Amanita onusta, commonly known as the loaded Lepidella, the gunpowder Lepidella or the gunpowder amanita, is a species of fungus in the mushroom family Amanitaceae. It is characterized by its small to medium-sized fruit bodies that have white to pale gray caps crowded with roughly conical, pyramidal, or irregular gray warts. The stipe is whitish-gray with woolly or wart-like veil remnants, and at the base is a spindle- or turnip-shaped base that is rooted somewhat deeply in the soil.

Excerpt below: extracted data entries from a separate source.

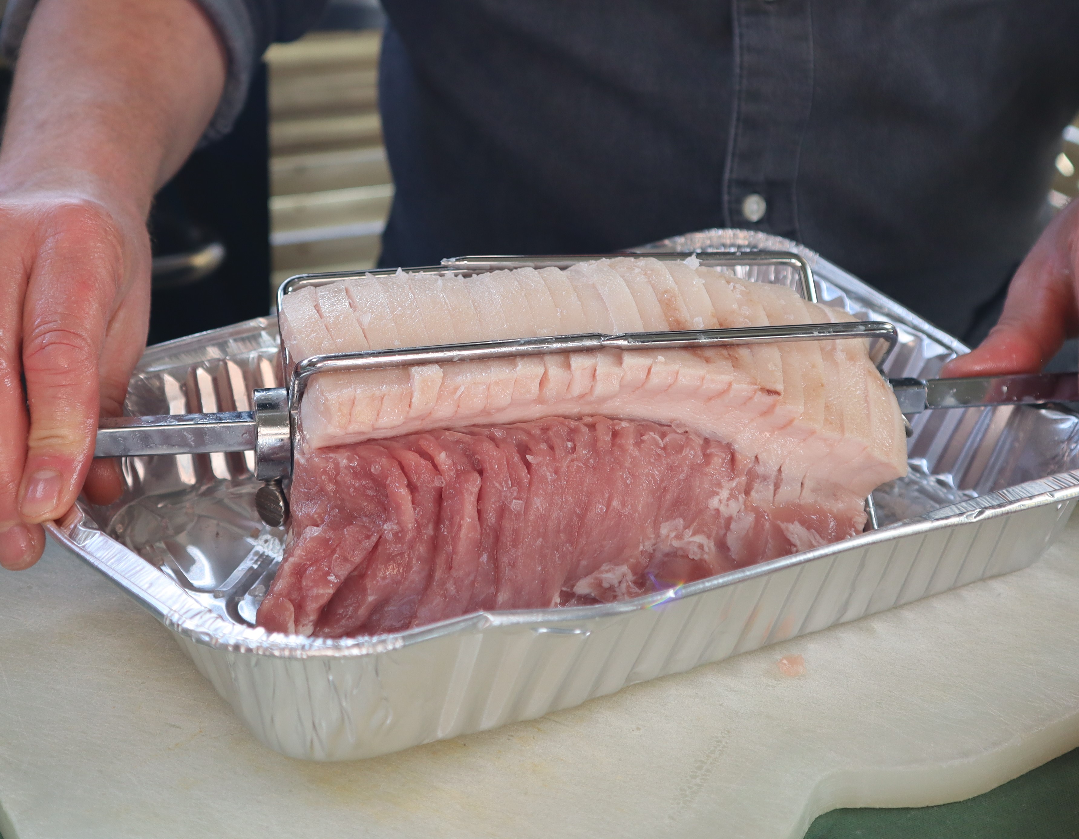 Kamsteg: Tjek at sværene på stegen er ridset helt ned gennem fedtet, men ikke ned i kødet. Gnid stegen ind i salt, - saltet skal godt ned mellem sværene.
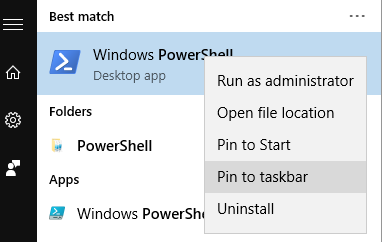 I recommend pinning PowerShell to your taskbar as well. This makes it really easy to launch.
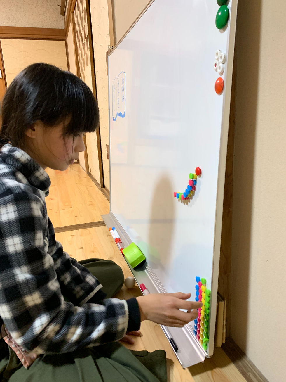その後、ホワイトボードに磁石をつけて卓球のボールを転がすピタゴラスイッチを作りました😄盛りだくさんの寺子屋でした。
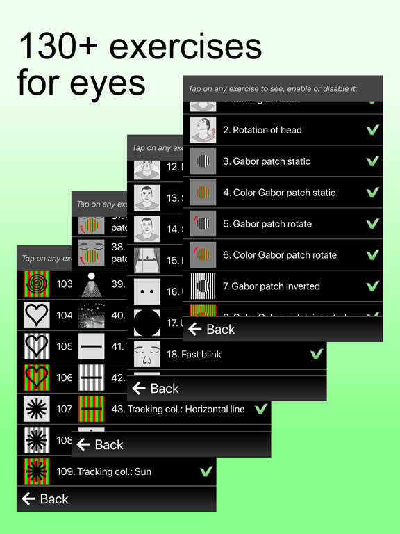 • Access to 136 exercises for eyesight with the ability to disable any exercise that doesn't suit you. All eye exercises are animated and there are additional hints: graphics, voice, text and video.
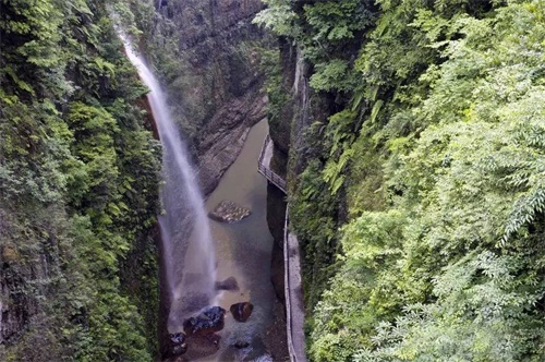 恩施大峡谷景区云龙地缝两岸陡峭,飞瀑狂泻、缝底流水潺潺,上通天水暗河,下联莽莽清江,因其美景及地质形成独特性而谓为恩施大峡谷一大奇观。在云龙地缝出口处,近期新添一道风景线——“小蛮腰”型观光电梯。
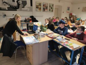 Na satu hrvatskog jezika upoznali su trojezičnost i tropismenost Hrvata te spomenike hrvatske pismenosti. Saznali su o Danu hrvatske glagoljice i glagoljštva (22.02.), o prvotisku iz 1493. g. – Misalu po zakonu rimskoga dvora, otkriću tiskarskog stroja i Johannesu Gutenbergu te njegovoj 625. godišnjici rođenja, Godini Marka Marulića. Na satu likovne kulture zadatak je bio izraditi glagoljicu u tehnici GRATAŽ, a kao završni rezultat rada je kraća animirana forma izrađenatehnikom stop animacije u aplikaciji STOP MOTION STUDION. Nastali su likovni uradci – prava umjetnička djela koja se mogu vidjeti u izložbi stvorenoj u aplikaciji Emaze. Animacija (Stop Motion Studio), Izložba (Emaze). Više informacija se može pronaći na mrežnoj stranici škole.
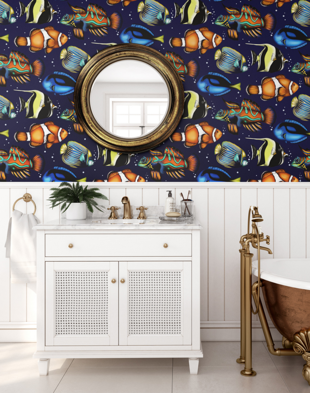 This enchanting design submerges you deep beneath the ocean water, giving you a glimpse of the fascinating world in the depths of the deep sea. Our tropical fish design uses vibrant splashes of beautiful colors and paired with a rich dark blue background, will certainly immerse you in the mysterious depths of the ocean floor. Our detailed design would be the perfect addition to your bathroom or downstairs cloakroom and will certainly bring a tropical twist to your interiors.
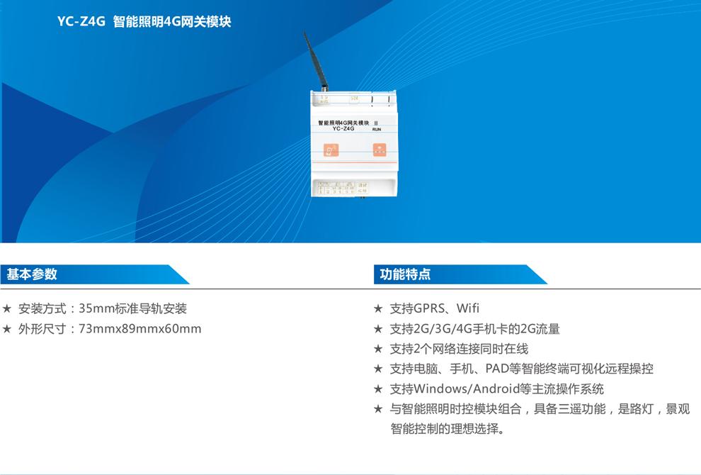 > YC-Z4G 智能照明4G網(wǎng)關(guān)模塊
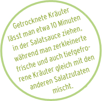 Sie brauchen sich nicht auf die typischen Kräuter wie Dill, Schnittlauch und Rucola zu beschränken, denn im Salat schmeckt jedes Kraut, vorausgesetzt Sie mögen sein ganz spezielles Aroma. Vor allem bei selbst gezogenen Kräutern, die Sie frisch pflücken und sofort verwenden, ist das oft sehr intensiv. Deshalb sollten Sie jedes Kräutlein, das Ihnen noch nicht vertraut ist, erst mal einzeln probieren. Dann können Sie auch richtig kombinieren: Borretsch mit seinem kühlen Gurkengeschmack passt gut ins Joghurtdressing, pfeffriges Bohnenkraut schmeckt in Salat mit Fleisch und Geflügel, während der anisartige Kerbel guter Fischbegleiter ist. Estragon, Rosmarin, Oregano und Salbei entwickeln ihre Würzkraft am besten, wenn man sie brät, Lavendel schmeckt nur in Miniportionen, während Sie mit frischer, würziger Freilandpetersilie gleich einen ganzen Salat mischen können.
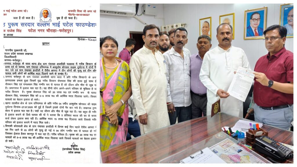 Fatehpur: जनपद फतेहपुर में लगातार हो रही घटनाओं ने कई परिवारों को गहरी चोट दी है। पीड़ित परिजनों ने मुख्यमंत्री योगी आदित्यनाथ से आर्थिक मदद की मांग की है। जिलाधिकारी के माध्यम से भेजे गए प्रार्थना पत्र में तीन प्रमुख घटनाओं का जिक्र किया गया है।
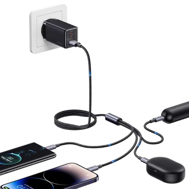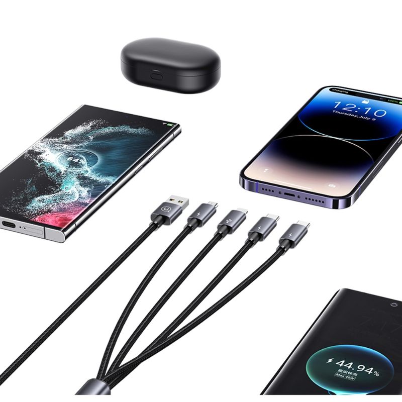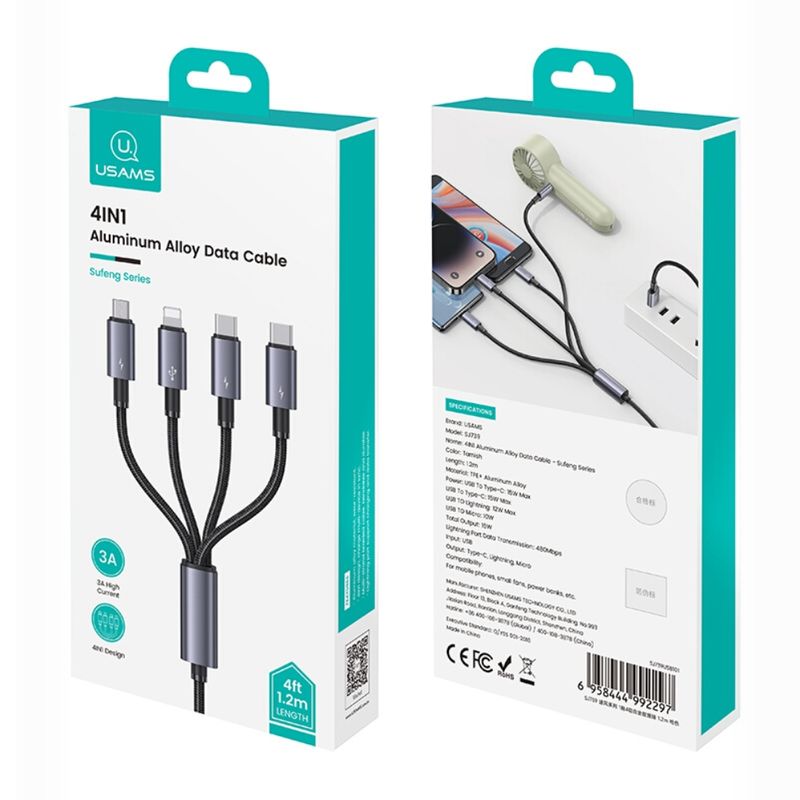 Con el cable 4 en 1 de USAMS puedes olvidarte del caos de tener varios cables para cada dispositivo. Gracias a sus múltiples conectores (USB-C x2, Lightning y MicroUSB), puedes cargar teléfonos Android, iPhone, audífonos, tablets o cualquier otro dispositivo compatible desde una sola fuente de energía. Tiene una longitud de 1.2 metros, perfecta para usar en casa, el auto o en la oficina. Soporta carga rápida hasta 15W y está fabricado con materiales resistentes que aseguran una larga vida útil.

The species is distributed in eastern North America, from Nova Scotia to Mexico, and may be found growing on the ground in deciduous forests, particularly those with oak, hickory and chestnut. Fruit bodies smell somewhat like bleaching powder, and their edibility is unknown, but are possibly toxic.

==Taxonomy==
Amanita onusta was first described in 1874 by American mycologist Elliot Calvin Howe as Agaricus onustus. Later, in 1891, Pier Andrea Saccardo transferred the species to the genus Amanita. Amanita authority Cornelis Bas, writing in his extensive 1969 monograph on the genus, placed the species in his stirps Microlepis, subsection Solitariae, section Lepidellus. This grouping of Amanita mushroom species also includes A. abrupta, A. atkinsoniana, A. costaricensis (a provisionally named species authored by Tulloss, Halling, & G.M. Muell.), A. nitida (as Coker described the species) and A. sphaerobulbosa.

The Latin epithet onustusa means "charged, load-carrying, burdened", and a regular adjective derived from onus, "burden" (the same word that gave the English onus). A. onusta is commonly known as the "loaded Lepidella", or the "gunpowder Lepidella".

==Description==
The fruit bodies of Amanita onusta have caps that are initially broadly convex but flatten out as they mature, reaching diameters of 5 to 10 cm. The cap surface, grayish-white in color, is ornamented with conical or pyramidal raised warts, or flattened, symmetrically arranged gray to brownish gray, grayish brown or grayish-orange small scales (squamules) that are densely arranged over the surface.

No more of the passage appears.